§ RECORDS FOR THIS TASK:
-----

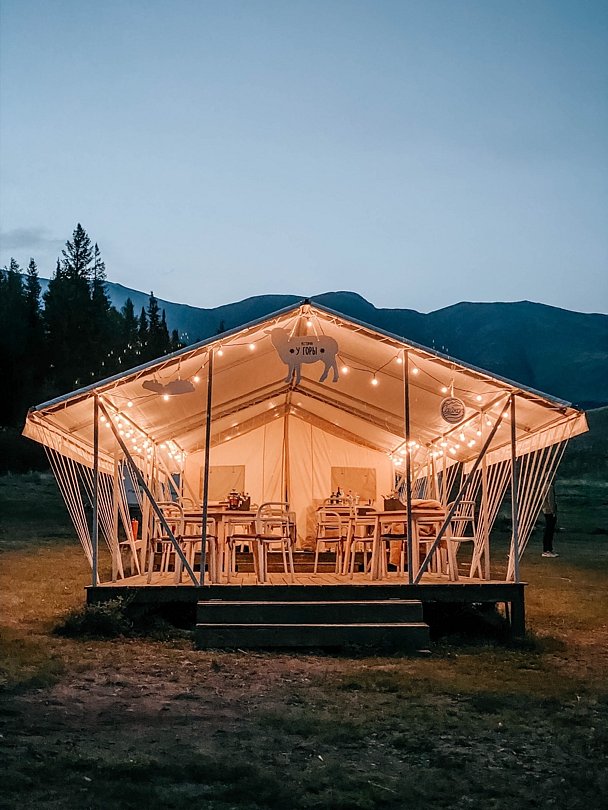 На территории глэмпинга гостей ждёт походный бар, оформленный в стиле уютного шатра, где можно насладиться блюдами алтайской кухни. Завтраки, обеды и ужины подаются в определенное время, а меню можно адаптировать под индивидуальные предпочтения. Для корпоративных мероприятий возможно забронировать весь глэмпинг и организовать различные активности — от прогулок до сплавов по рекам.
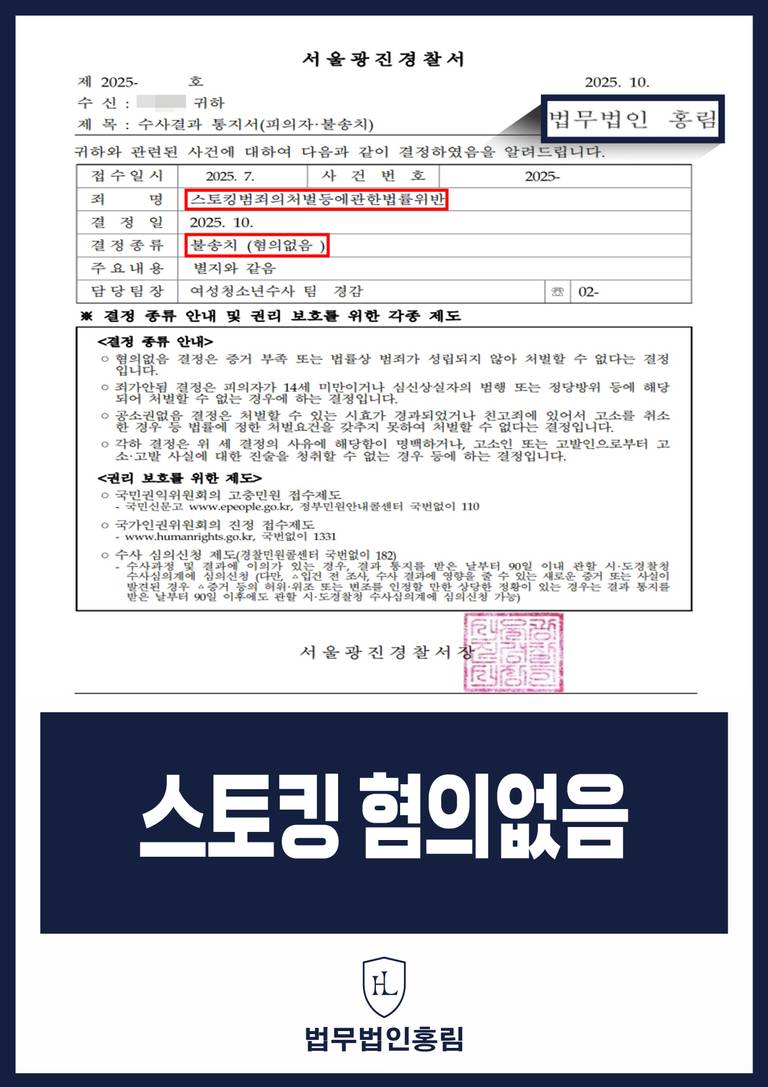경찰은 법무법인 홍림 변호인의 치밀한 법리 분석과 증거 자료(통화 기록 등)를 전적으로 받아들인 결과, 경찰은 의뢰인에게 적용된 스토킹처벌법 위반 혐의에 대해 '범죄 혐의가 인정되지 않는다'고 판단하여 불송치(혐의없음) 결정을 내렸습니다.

-----

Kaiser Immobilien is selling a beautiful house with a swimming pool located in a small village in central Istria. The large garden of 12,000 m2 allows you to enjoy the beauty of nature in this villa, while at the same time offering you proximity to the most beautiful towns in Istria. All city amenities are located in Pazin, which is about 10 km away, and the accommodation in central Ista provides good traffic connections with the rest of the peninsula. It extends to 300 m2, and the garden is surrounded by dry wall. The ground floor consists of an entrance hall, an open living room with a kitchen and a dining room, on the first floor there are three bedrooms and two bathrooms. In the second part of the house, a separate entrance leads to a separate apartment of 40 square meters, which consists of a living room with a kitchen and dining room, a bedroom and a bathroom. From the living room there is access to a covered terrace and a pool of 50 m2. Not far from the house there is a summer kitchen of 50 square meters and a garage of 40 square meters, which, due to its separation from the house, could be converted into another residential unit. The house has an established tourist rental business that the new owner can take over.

-----

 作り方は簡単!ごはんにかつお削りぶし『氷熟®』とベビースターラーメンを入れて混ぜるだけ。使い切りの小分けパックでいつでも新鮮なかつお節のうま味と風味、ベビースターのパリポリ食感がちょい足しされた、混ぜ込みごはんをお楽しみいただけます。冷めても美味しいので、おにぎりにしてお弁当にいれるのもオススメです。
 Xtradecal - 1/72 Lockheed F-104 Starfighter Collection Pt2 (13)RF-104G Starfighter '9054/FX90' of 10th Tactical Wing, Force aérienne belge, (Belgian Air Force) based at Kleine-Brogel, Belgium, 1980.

-----

§ ASSIGNMENT: Look above for the line containing "作り方は簡単!ごはんにかつお" and the line containing "Xtradecal - 1/72". Transcribe both, with the lines between them, exactly.

§ PROBLEM SOLUTION:
 作り方は簡単!ごはんにかつお削りぶし『氷熟®』とベビースターラーメンを入れて混ぜるだけ。使い切りの小分けパックでいつでも新鮮なかつお節のうま味と風味、ベビースターのパリポリ食感がちょい足しされた、混ぜ込みごはんをお楽しみいただけます。冷めても美味しいので、おにぎりにしてお弁当にいれるのもオススメです。
 Xtradecal - 1/72 Lockheed F-104 Starfighter Collection Pt2 (13)RF-104G Starfighter '9054/FX90' of 10th Tactical Wing, Force aérienne belge, (Belgian Air Force) based at Kleine-Brogel, Belgium, 1980.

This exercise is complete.